== EXERCISE INSTRUCTIONS ==
Of all the lines in the entries below, give again exactly those starting at the line containing "Captura de una" and ending at the line containing "может произвести сильное", both ends included, and no others.
::: RECORDED INFORMATION
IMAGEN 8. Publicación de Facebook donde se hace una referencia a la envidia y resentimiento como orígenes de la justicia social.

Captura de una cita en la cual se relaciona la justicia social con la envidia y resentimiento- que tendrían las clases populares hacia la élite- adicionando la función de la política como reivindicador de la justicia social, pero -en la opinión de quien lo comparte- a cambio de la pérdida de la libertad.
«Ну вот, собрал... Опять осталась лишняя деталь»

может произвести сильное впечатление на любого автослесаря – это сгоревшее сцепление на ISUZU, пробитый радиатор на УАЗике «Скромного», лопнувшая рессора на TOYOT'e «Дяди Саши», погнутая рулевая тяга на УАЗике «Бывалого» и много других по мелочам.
::::::
::: RECORDED INFORMATION
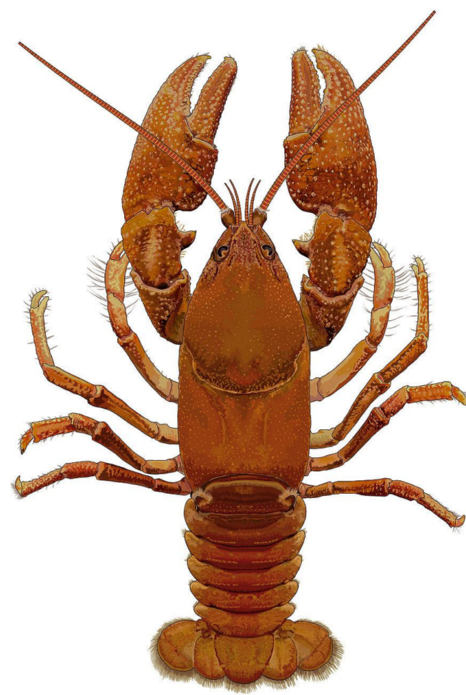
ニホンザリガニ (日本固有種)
::::::
== YOUR SOLUTION ==
Captura de una cita en la cual se relaciona la justicia social con la envidia y resentimiento- que tendrían las clases populares hacia la élite- adicionando la función de la política como reivindicador de la justicia social, pero -en la opinión de quien lo comparte- a cambio de la pérdida de la libertad.
«Ну вот, собрал... Опять осталась лишняя деталь»

может произвести сильное впечатление на любого автослесаря – это сгоревшее сцепление на ISUZU, пробитый радиатор на УАЗике «Скромного», лопнувшая рессора на TOYOT'e «Дяди Саши», погнутая рулевая тяга на УАЗике «Бывалого» и много других по мелочам.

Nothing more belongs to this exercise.